Cascade of kinetic energy and scalar variance in DC electrokinetic turbulence

Turbulent flow can be generated by DC electrokinetic (EK) force based on the electric conductivity and permittivity variations in fluids, as have been demonstrated by Varshney et al (2016), where a -1.4 slope of velocity power spectrum is observed. Here, we theoretically found the scaling exponents of velocity and scalar structures in the electric-body-force (EBF) dominant subregion of DC EK turbulence were 2/5 (equivalent to the -7/5 slope of velocity power spectrum) and 4/5 respectively.
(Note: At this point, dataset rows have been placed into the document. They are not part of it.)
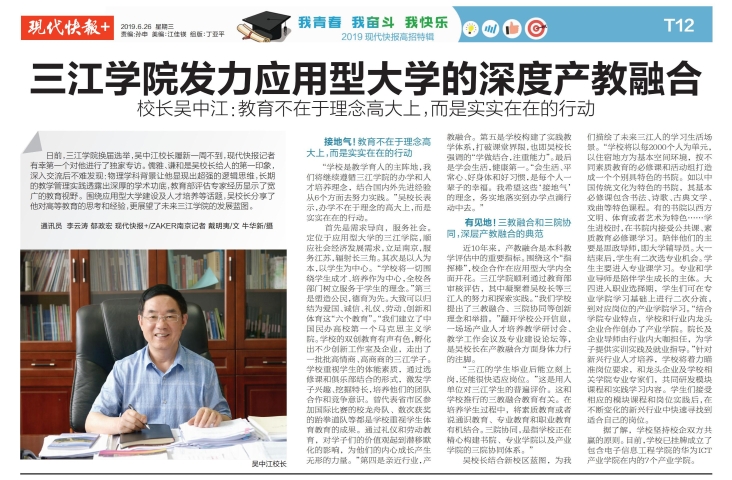 6月26日,现代快报T12版刊登best365官网吴中江校长谈best365官方网站发力应用型大学的深度产教融合——教育不在于理念高大上,而是实实在在的行动。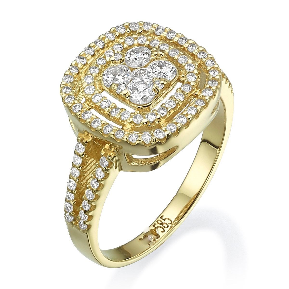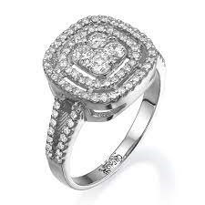שם פריט: טבעת משובצת אבנים בריבוע עם שיבוץ אבנים קטנות מסביב ושתי שורות בצדדים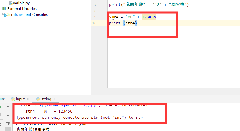注意:在字符串拼接的时候使用数字 要 通过 str 把数字转换为字符串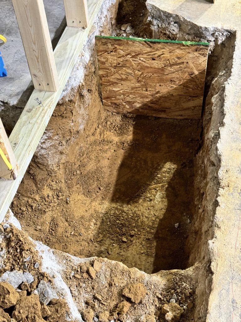 It also means digging a trench, so all that dirt and bits of concrete need to go somewhere. I then store most of mine outside the house somewhere. Laying out a few sheets of ¼-inch plywood makes it easier to scoop up later.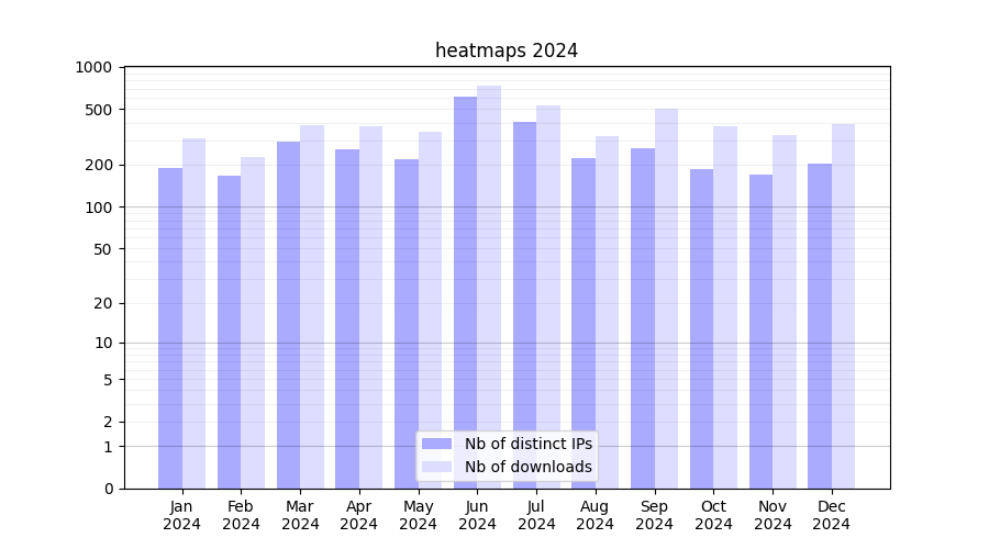 | Month | Nb of distinct IPs | Nb of downloads |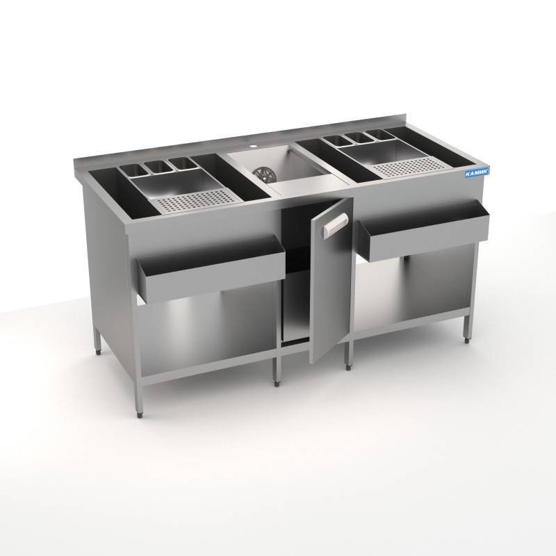Барная станция 1600*700(800)*850 2 рейла, 1 омыватель д/стаканов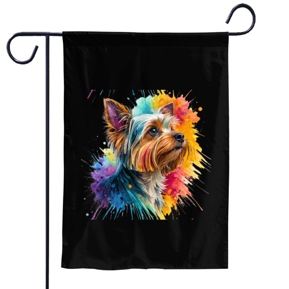 Shop for attractive Vibrant Yorkie Watercolor Portrait Garden Flags or see more Garden Flags products on https://printblur.com right now!

The theory perfectly explains the experimental results of Varshney et al. (2016). Based on K\'{a}rm\'{a}n-Howarth equation with forcing terms, the energy cascade process of DC EK turbulence was also investigated. Depending on the electric Rayleigh number (Ra$_{\mathrm{e}})$, two different energy cascade processes may happen. When Ra$_{\mathrm{e}}$ is small, the kinetic energy cascades along inertial subregion and EBF dominant subregion in sequence, before it is dissipated by fluid viscosity. When Ra$_{\mathrm{e}}$ is sufficiently large, the inertial subregion may be absent with EBF dominant subregion left. This investigation is very important on understand EK turbulence, which could be widely existed in nature and applied in engineerings.